Speed and safety work together for collaborative robots

Brian Carlisle, CEO of Precise Automation, will be giving a presentation on speeding up collaborative robots, as part of the Collaborative Robots: Getting Started session on April 4 from 1:30 pm to 3 pm at Automate 2017 in Chicago. Contact him at [email protected].

In most robots, when a collision occurs the control system commands maximum motor torque, and the moving mass of the robot, payload and the forward reflected inertia of the motor and drive elements generate a collision force determined by the velocity and stopping distance, which determine the deceleration force. The stopping distance is determined by the allowable force, the compliance, or stiffness, of the part of the human body that is struck, the compliance of the robot structure that strikes the person and whether the collision occurs in free space or traps the human against a rigid surface. The stopping distance can typically vary from a few millimeters to a few centimeters, depending on these factors.

As an example, a common SCARA robot design uses high ratio speed reducers to drive the inner link and the outer link. The forward reflected inertia of the high-speed drive train elements including the motor shaft and wave generator in the harmonic drives, which, when multiplied by the square of the reduction ratio, can be far greater than the robot typical payload. For example, in Table 1, the forward reflected inertia gives a total effective mass at the tool without any payload of 14 kg.
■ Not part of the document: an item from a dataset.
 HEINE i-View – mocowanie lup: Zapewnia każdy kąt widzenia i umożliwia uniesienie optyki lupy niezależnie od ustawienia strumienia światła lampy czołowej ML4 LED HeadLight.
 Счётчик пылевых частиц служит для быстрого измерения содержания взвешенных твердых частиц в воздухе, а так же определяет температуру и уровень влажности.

Given that the typical working payload for this class and size of robot is less than 2 kg, these reflected inertias are more than six times the inertia of the payload and greatly increase the dynamic collision force.

Further, it is possible to limit the motor torque in a collision to a small percentage of the total available motor torque, for example 25% or less, thus further reducing collision forces which are a combination of dynamic forces and forces from motor torques.
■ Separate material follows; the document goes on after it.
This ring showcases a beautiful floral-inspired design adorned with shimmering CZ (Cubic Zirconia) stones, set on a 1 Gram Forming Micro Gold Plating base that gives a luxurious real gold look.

We use a control algorithm that solves a complete dynamic model of the robot in real time to continuously compute the motor torques for the next planned motion of the robot. This model includes all the coupled torques from other axes, including an offset payload, the Coriolis forces, gravity forces and friction forces. Once the motor torques have been fed forward to the controller, there remains a feedback control loop, utilizing a classical PID structure, which measures any remaining position and velocity errors and multiplies these errors by gains to generate a PID error torque, which is added to the feed-forward torque to comprise the total motor torque command. For robots with low ratios and low friction, the PID error torque can be as low as 10% of the total available motor torque.
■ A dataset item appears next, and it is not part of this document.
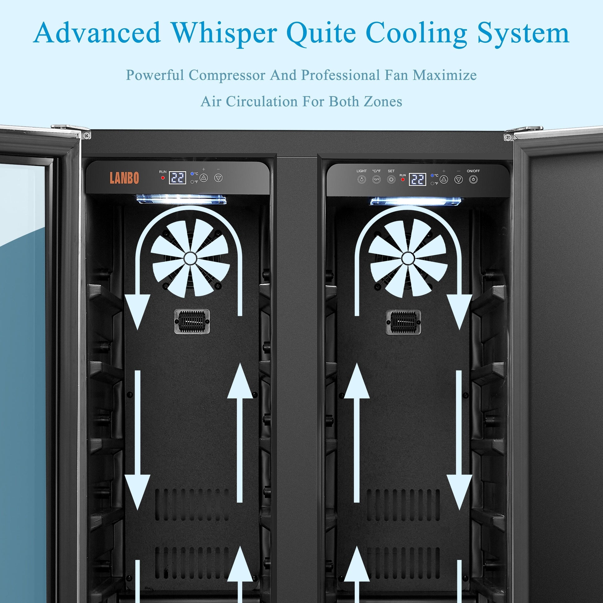 Lanbo Réfrigérateur à vin et à boissons de 24 pouces à double zone, pouvant contenir 18 bouteilles de vin et 55 canettes, en acier inoxydable et verre avec porte à ouverture française.

It is therefore possible to set a low limit on the PID error torque, for example 10% or 25% of total available motor torque, which limits the motor torque contribution to both low-speed and high-speed collisions. For the harmonic-drive SCARA robot in Table 1, the unlimited peak motor torque multiplied by the ratio can generate a collision force of 1,120 Newtons, even at low speeds. For the collaborative robot, the above control algorithm can limit the low-speed collision force from the motor torque to 60 N.

It is possible to reduce the collision force of a robot by a combination of mechanical design and control-system design and thus increase the operating speed for a given safe collision force.